FEMINISTA Y LESBIANA, GUERRERA Y DISFRUTONA, BETH DITTO HA SABIDO CONVERTIR SU GORDURA EN UNA PERFORMANCE POLITICA Y A SU IDEOLOGIA EN UNA MILITANCIA PERPETUA QUE SE TRADUCE EN CANCIONES. AL FRENTE DE SU BANDA, GOSSIP, DONDE LUCE UNA VOZ TAN PODEROSA COMO SU CUERPO Y HACE FLAMEAR LAS BANDERAS QUE LA RESCATARON DE UN ADOLESCENCIA TEÑIDA POR EL “TEMOR DE DIOS”. ES QUE EL PRIMER TRABAJO –DICE– FUE HABERSE SACADO DE ENCIMA A AMBOS. SIN MIEDO NI RELIGION, HASTA SE DA EL GUSTO DE EXHIBIR SU PASION POR LA MODA Y DISEÑAR ROPA INTERIOR XXL.

 Por Guadalupe Treibel

A veces, un rumor es verdad a cuatro vientos y, en el caso de Mary Beth Patterson (mejor conocida como Beth Ditto), cantante de Gossip, no hay brisa: hay tormenta entera. Desde el electropunk, es puro rock & roll. Desde la moda, sus curvas sobredimensionadas –sensualidad a tope, incluida– anulan la estética mainstream y se convierten en punto de fuga, aun sin amarrar. Sus semidesnudos on stage juegan el juego performático y liberan –queriendo– las formas de lo femenino. Algo patriarcal se desactiva cuando Ditto canta. “Uno no nace, más bien se vuelve mujer”, decía Simone de Beauvoir, y Beth ha hecho parate en tiempo y forma para dejar en claro que puede apostar la carta de la diferencia perdiendo una mano o dos, porque su envido viene cargado. Y el ancho de espada le ha tocado, por fin, con todas las de ganar.
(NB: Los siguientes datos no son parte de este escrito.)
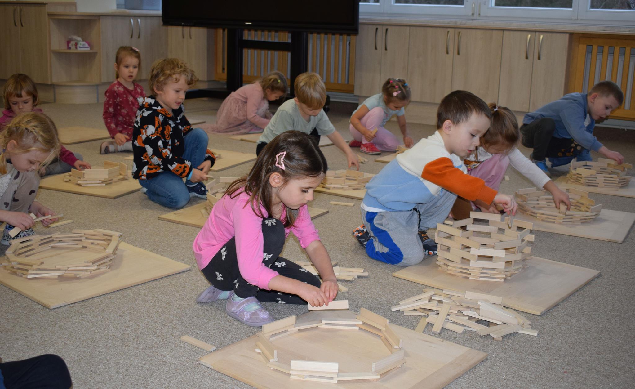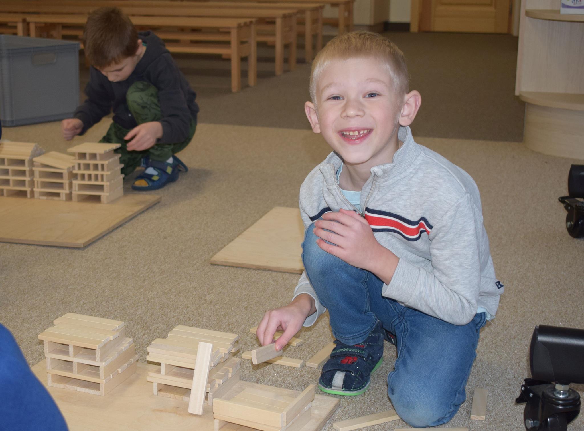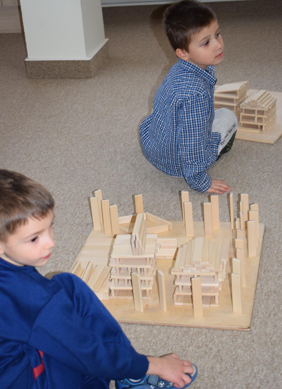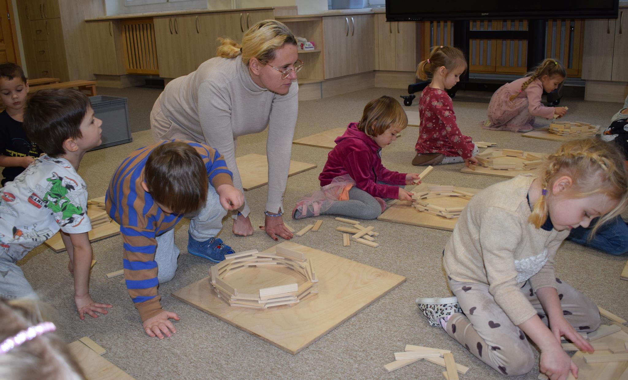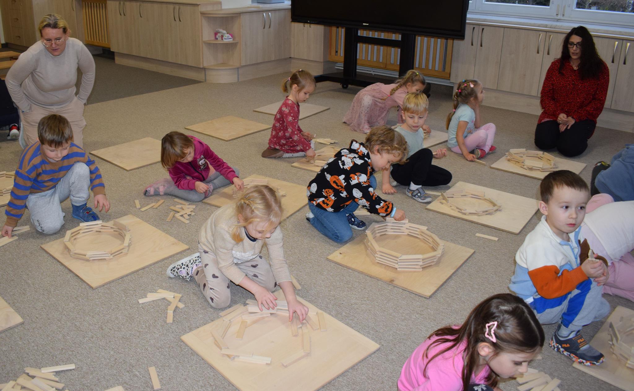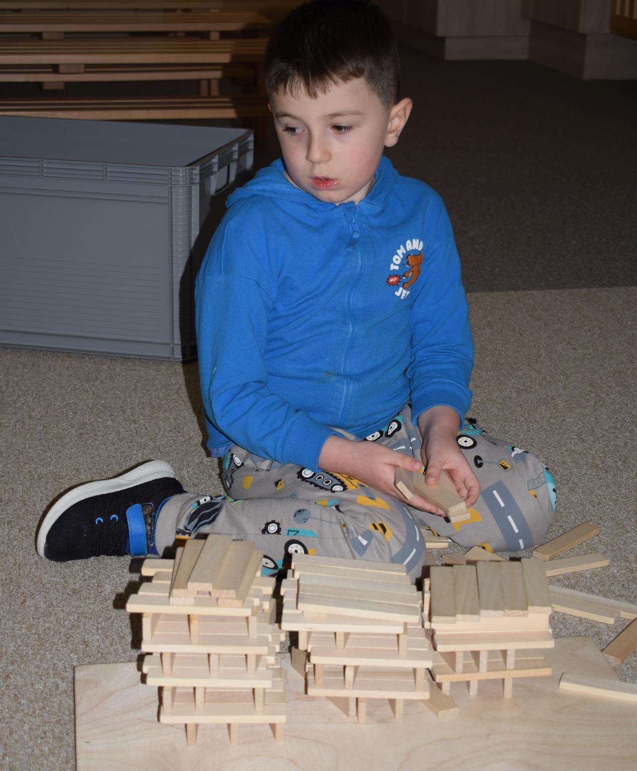 Po raz kolejny w tym roku dzieci uczestniczyły w warsztatach Małego Architekta. Wznosiły budowle pod czujnym okiem Pana Kreatka, musiały się wykazać umiejętnością uważnego słuchania, znajomością podstaw matematyki, a także zmysłem estetycznym, inicjatywą i umiejętnościami organizacyjnymi. Na pierwszy ogień poszły podstawowe konstrukcje geometryczne, takie jak trójkąty, kwadraty i koła. Motylki próbowały swoich sił we wznoszeniu budowli przypominającej rzymskie koloseum. Starszaki reprezentując wyższy poziom umiejętności, bo przecież to już trzeci rok, jak szlifują wymienione umiejętności, wznosiły budowle przypominające te z Rynku Starego Miasta w stolicy.
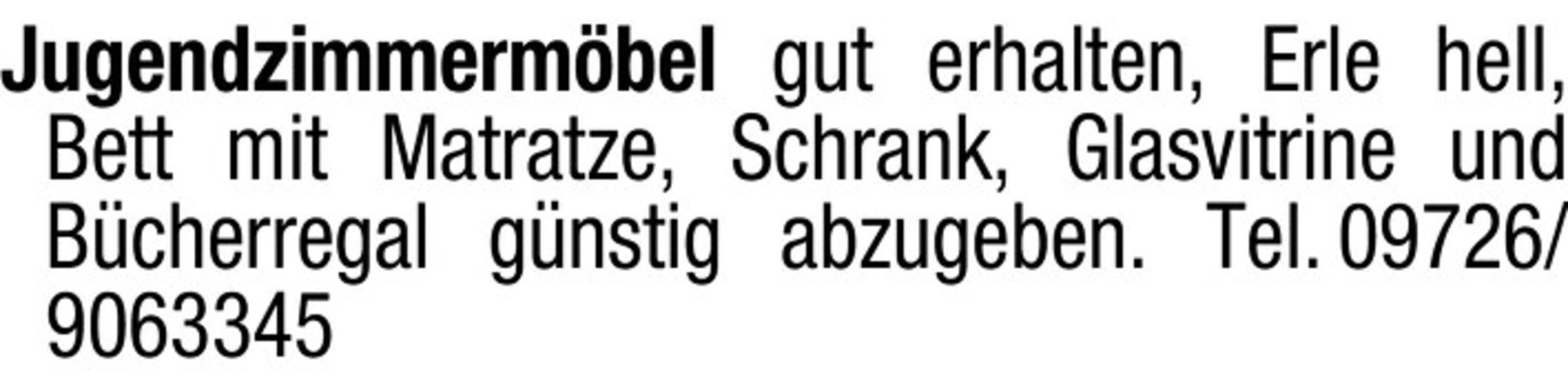 Jugendzimmermbel gut erhalten, Erle hell, Bett mit Matratze, Schrank, Glasvitrine und Bcherregal gnstig abzugeben. Tel. 09726/9063345

Feminista declarada, lesbiana, inmensamente gorda, brillante del tipo idon’tgiveafuck (algo así como “me importa un carajo”) y con una fuerte adicción a la moda, Ditto viene sumando adeptos dentro y fuera de la bandera multicolor que identifica a las comunidades de la sexualidad disidente. Si de historial se trata, fue en 2007 cuando Gossip, el trío estadounidense –que lidera– irrumpió en la escena con su himno popalternativo, “Standing in the way of control”, escrita por Beth en respuesta a la administración Bush, tras negar el derecho de contraer matrimonio a parejas del mismo sexo. “Escribí el coro para animar a la gente; la única forma de sobrevivir es mantenerse unidos y seguir luchando”, concedió la artista. En realidad, la canción había salido en disco homónimo añitos atrás (2005), pero recién cuando la serie teen británica Skins (antiCris Morena) musicalizó sus promos con el punk, soul, disco de Standing..., Gossip comenzó a existir para el grueso de la gente.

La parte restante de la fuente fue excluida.